Lesson 9: Heron's formula# Proof of Heron's formula (1 of 2)

Sal proves Heron's Formula for finding the area of a triangle solely from its side lengths. Created by Sal Khan.

## Want to join the conversation?

- Here is an interesting question: "Why does Heron's Formula yield an area in square units even though four lengths are being multiplied together?(6 votes)
- Okay. That's a good question.The important thing to realize is that there is a square root. First of all, the unit of S(semi perimeter) is meter,as S =(a+b+c)/2,and (meter+meter+meter)/2 still gives meter as the unit. Using the same logic, (S-a),(S-b),(S-c),all have meter as their units.Therefore S(S-a)(S-b)(S-c) has m.m.m.m (meter raised to the 4th power) as units. Now,according to the formula, you take the square root of all that, and sq rt(m^4) gives you sq.meters. Note: I just used meter this time.It could be any unit.(16 votes)

- What is the thought process behind this? Did a mathematician just sit down and automatically know which steps to take?(7 votes)
- I'm pretty sure that it required some thought, because a long time ago people just expected that what they had was true. I don't think that they automatically knew exactly what steps to do, or exactly what the answer would be, because it's not really something that takes just 1 minute to do. Back then, when new mathematical concepts were being discovered, they didn't have as much evidence as we have today. Well, maybe some could argue that mathematicians knew exactly what to do when they first got the idea, but really, math is something that requires thought. :)(9 votes)

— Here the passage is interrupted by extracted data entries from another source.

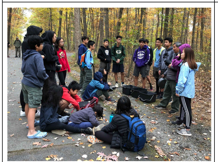
Scouts learning about the 3-bucket system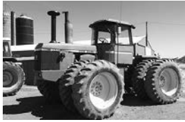
'82 JD 8640, 20.8x38 rubber, 3-hyd., 3-pt., PTO, quick hitch, $24,500.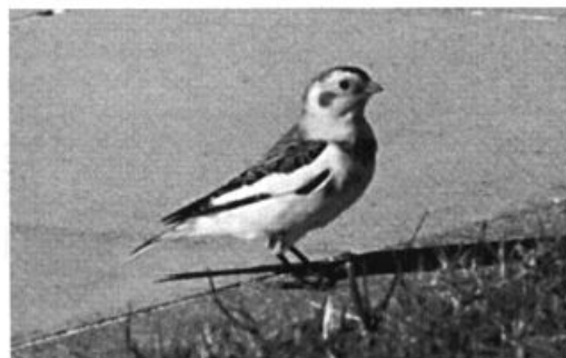
Though scarce at this latitude on the North American mainland, Snow Bunting is an annual, sometimes numerous late fall and winter visitor to Bermuda, where often found around the airport. This bird was at the Royal Naval Dockyard 15 November 2002.

- Does this work for all triangles?(3 votes)
- Yes. As long as you know all three side lengths of any triangle, you can use this formula.(4 votes)

- But in this non-simplified version of Huron's formula, doesn't it matter which sides you choose as a,b and c as opposed to Huron's formula(3 votes)
- Nope. As long as you can draw an altitude from a side (Denoted as C), you can always use this formula, though Obtuse triangles might be a special case.(1 vote)

- Does Heron's formula simply to (S^2 sqrt(3)) / 4? or does that only work for equilateral triangles?(2 votes)
- No, and for the reason, lets consider:

For any triangle, the only way heron's formula = (S^2 sqrt(3)) / 4 is for the trivial case where S = 0.

So no, it cannot simplify in general the way you propose.

If indeed the triangle is equilateral, then a=b=c and then Heron's simplifies to:

A = sqrt[S(S-a)^3] assuming all sides are a.

Then, in order to get your simplifications we must determine specific values for S and a. This is done by solving the equation:

sqrt[S(S-a)^3] = S^2 sqrt[3]/ 4

But, S = 3a/2

So now we solve the following:

sqrt[3a^4]/4 = 3 a^4 sqrt[3]/64

for a

We get real and complex roots, and the trivial case where a = 0.

The real positive root is a = 4/sqrt[3]

So not only does that simplification not work in general, but only works for one equilateral triangle of side a = 4/sqrt[3].(3 votes)

- At3:35, Sal says something about (c-x) ^2...=c^2-2cx+x^2... How does that work? Is there a Khan Academy Video about this "trick"?(2 votes)
- (c-x)² = (c-x)(c-x) = c² -2cx + x².

This is called squaring a binomial, Look at this video: https://www.khanacademy.org/math/algebra/polynomials/multiplying_polynomials/v/special-products-of-binomials

This comes up**a lot**in mathematics so it's a key concept to grasp.(2 votes)

- The problem with the proof seems to be the right triangles areas can not be known because the right triangles have an irrational number in their calculations which can not be calculated by a mantematican in his life time:?( If they allow successors the problem remains.

I find it shocking that mathematicans do not realize the logistaial problems within irrationality. You can not have pi and eat it:?)(2 votes) - Is it a coincidence that "x" in this derived formula is equal to what seems to closely resemble the law of cosines? At5:09. I thought it was interesting.(2 votes)
- it is no coincidence. Heron's Formula is an alternative to the law of cosines, which could also be used to solve for the area of a triangle only knowing the sides.(1 vote)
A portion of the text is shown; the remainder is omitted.